### EXERCISE GOAL
Among the entries below, only the lines starting at the one with "Mafmof(マフモフ)ビジュー付き厚底ボリュームソールスポーツサンダル" and ending at the one with "Posted on January", both included, are to be printed exactly.

### EXERCISE DATA
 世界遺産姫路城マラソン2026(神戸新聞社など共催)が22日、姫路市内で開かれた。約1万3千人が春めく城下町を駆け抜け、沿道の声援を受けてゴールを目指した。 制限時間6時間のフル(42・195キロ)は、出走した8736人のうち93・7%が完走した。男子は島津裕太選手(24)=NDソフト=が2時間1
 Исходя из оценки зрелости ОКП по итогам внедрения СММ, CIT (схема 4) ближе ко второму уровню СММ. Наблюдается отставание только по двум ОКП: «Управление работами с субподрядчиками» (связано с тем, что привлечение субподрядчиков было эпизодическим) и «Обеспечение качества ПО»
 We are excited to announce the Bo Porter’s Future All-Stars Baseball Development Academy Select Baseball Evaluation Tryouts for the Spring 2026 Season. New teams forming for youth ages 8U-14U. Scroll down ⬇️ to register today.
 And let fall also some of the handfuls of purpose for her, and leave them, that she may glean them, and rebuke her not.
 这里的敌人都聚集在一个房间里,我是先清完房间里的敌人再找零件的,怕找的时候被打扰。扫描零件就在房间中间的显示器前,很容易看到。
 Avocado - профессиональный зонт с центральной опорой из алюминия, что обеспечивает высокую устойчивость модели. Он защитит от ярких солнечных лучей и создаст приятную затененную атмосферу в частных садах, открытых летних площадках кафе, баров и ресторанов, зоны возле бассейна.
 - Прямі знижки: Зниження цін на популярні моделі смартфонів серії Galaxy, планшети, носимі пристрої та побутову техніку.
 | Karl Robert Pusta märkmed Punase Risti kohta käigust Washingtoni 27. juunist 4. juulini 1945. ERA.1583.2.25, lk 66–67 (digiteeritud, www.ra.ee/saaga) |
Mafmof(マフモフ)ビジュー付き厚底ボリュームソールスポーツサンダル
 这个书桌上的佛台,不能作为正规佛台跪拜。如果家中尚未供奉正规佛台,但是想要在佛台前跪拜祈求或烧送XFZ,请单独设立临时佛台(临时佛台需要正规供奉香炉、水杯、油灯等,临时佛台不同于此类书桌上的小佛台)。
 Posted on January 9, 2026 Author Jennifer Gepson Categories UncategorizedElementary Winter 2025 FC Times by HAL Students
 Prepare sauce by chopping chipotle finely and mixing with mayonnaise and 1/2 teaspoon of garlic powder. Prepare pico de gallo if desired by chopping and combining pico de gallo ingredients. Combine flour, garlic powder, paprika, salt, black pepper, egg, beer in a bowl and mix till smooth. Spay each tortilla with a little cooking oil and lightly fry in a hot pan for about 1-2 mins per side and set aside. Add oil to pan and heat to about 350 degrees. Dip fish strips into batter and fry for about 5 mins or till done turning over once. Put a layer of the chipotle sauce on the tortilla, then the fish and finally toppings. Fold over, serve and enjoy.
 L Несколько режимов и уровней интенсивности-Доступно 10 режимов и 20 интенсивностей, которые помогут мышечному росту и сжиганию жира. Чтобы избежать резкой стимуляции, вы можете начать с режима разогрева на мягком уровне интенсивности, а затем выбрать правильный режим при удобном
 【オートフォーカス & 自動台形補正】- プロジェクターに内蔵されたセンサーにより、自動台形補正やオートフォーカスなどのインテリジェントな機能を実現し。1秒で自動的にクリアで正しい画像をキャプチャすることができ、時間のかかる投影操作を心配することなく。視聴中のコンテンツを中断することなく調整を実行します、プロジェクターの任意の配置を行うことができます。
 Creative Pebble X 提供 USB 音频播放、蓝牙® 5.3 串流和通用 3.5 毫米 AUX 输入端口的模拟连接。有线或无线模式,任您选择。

### ANSWER AREA
Mafmof(マフモフ)ビジュー付き厚底ボリュームソールスポーツサンダル
 这个书桌上的佛台,不能作为正规佛台跪拜。如果家中尚未供奉正规佛台,但是想要在佛台前跪拜祈求或烧送XFZ,请单独设立临时佛台(临时佛台需要正规供奉香炉、水杯、油灯等,临时佛台不同于此类书桌上的小佛台)。
 Posted on January 9, 2026 Author Jennifer Gepson Categories UncategorizedElementary Winter 2025 FC Times by HAL Students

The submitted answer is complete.